I pray to the birds because they remind me of what I love.

All that I love. And all of them.


15 Comments on “Praying to the Birds

  1. The world of nature has much to teach us, thank you for reminding me again and again. I was walking our guest dog and thinking he takes in the world through his nose (and sometimes mouth, and also peeing on everything), while I mostly use my eyes and ears. But he does stop often and gives me a chance to look around and listen! So glad you’ve flown the cage and found your freedom.

    • I love that you have a guest dog!! As I think I’ve mentioned before,.walking a dog redefines what it means to “walk”. I love the lessons though.

      Sometimes , as I am meandering along with him, he stops, as if he hears something, then sticks his nose in the air, closes his eyes and lets the wind rush in with sensory pleasures. In that moment I can only love him and what it means to be able to share this kind of moment.

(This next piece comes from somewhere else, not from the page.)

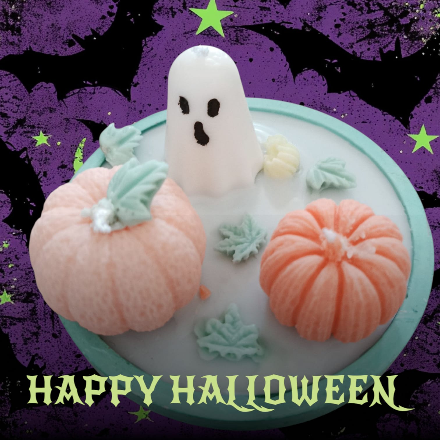 Diseño: Fantasma, calabazas y hojas.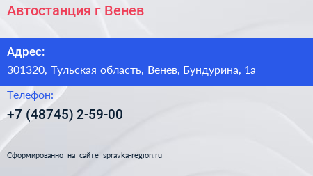 Автостанция, г. Венев по адресу 301320, Тульская область, Венев, Бундурина, 1а в дальнейшем Организация, размещена в следующих категориях:

    • Thanks, Gretchen. I suspect that a lot of my learning has happened on your back deck. When we can be in the midst of such an active place, still and attentive, we are the luckiest people around.

  2. I don’t always comment but I always read and check the photos. Thanks so much for taking the time to share with us.

  3. Wow, Bonnie! Outstanding writing here about birds and patience and observation. Even loving a house sparrow—appreciating the humble “invasive”. Birds have always fascinated me because they are so much easier to see than mammals and just as deeply connect us to the natural world. And, oh, your metaphor about feeling caged your last years of work—so grateful you are free to do your worshipful life now.

    • Thank you, Ann. The bird in a cage metaphor really seemed to fit. I’ve learned so much. As for the house sparrows? I feel a different kind of appreciation after learning of the Four Pests campaign years ago in China. Thanks so much for reading*

  4. And I pray you never stop writing or noticing–through the lens of the camera or that great heart of yours.